== TASK INSTRUCTIONS ==
Pictures are to be dropped, and only the lines from the one containing "(GPS: 57.758254, 24.450545);" through the end of the data below are to be reproduced as written.

== DATA LISTING ==
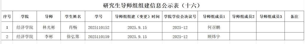 二、研究生导师组原则上应在该生学位论文开题前组建,组建后不得随意变更。学院导师组详细名单和具体信息附后,以供相互监督。研究生导师组的日常管理由研究生导师和培养单位共同负责,研究生导师作为研究生培养第一责任人的职责不变。
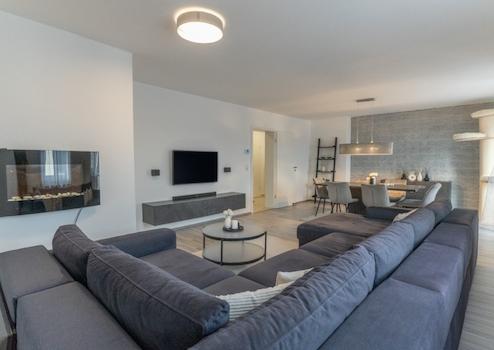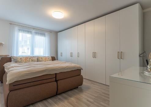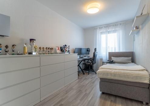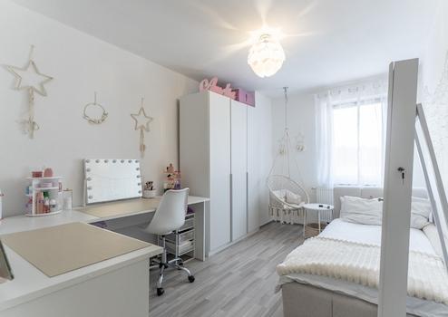Vom Eingang aus gesehen zur rechten Seite befinden sich zwei helle Kinderzimmer, ein weiteres Badezimmer mit Wanne und der gemütliche Wohnraum mit dem Ausgang zum zweiten Balkon.
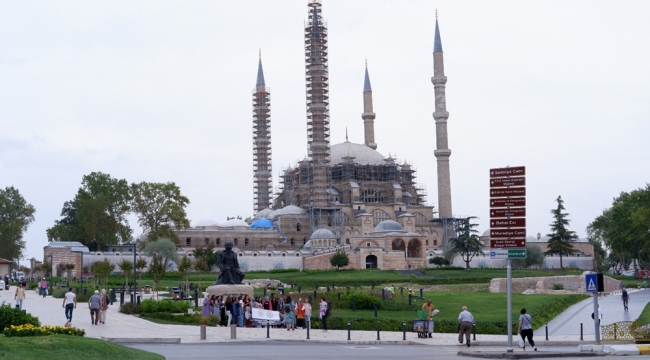 Edirne’de 1568 yılında Mimar Sinan’ın 90 yaşındayken yapımına başladığı ve 7 yıl süren çalışmaların ardından 1575 yılında ibadete açılan Selimiye Camii’nde restorasyon çalışmaları sürüyor.
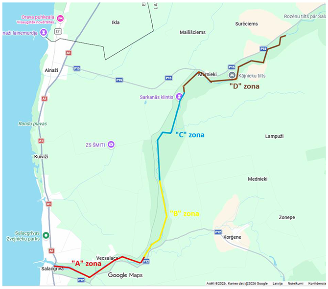 6.1. "A" zona - no tilta pār Salacas upi Salacgrīvā (GPS: 57.754751, 24.361067) uz augšu pret straumi līdz Korģes upes ietekai (GPS: 57.758254, 24.450545);
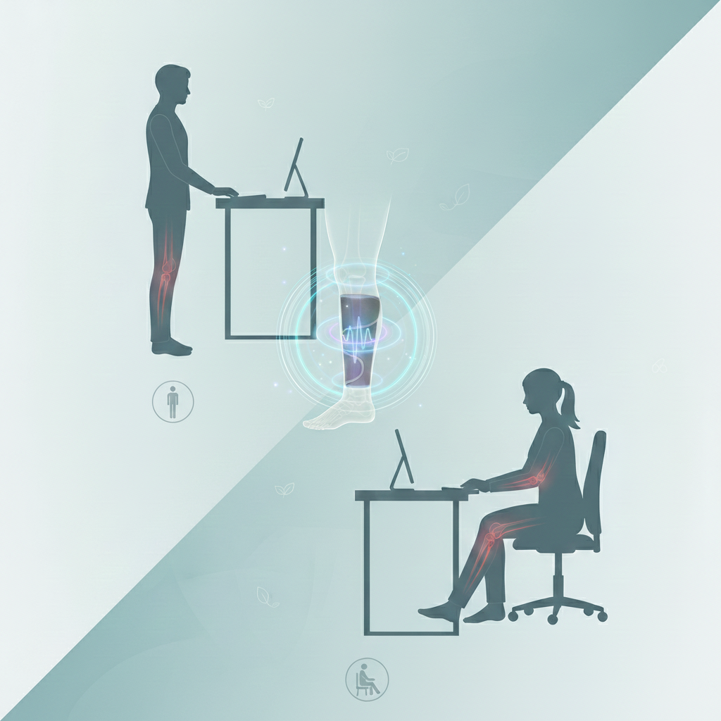 Verwenden Sie Releev™ nach langen Arbeitstagen – es löst tiefe Muskelspannung und verbessert Kreislauf.

== PROBLEM SOLUTION ==
 6.1. "A" zona - no tilta pār Salacas upi Salacgrīvā (GPS: 57.754751, 24.361067) uz augšu pret straumi līdz Korģes upes ietekai (GPS: 57.758254, 24.450545);
 Verwenden Sie Releev™ nach langen Arbeitstagen – es löst tiefe Muskelspannung und verbessert Kreislauf.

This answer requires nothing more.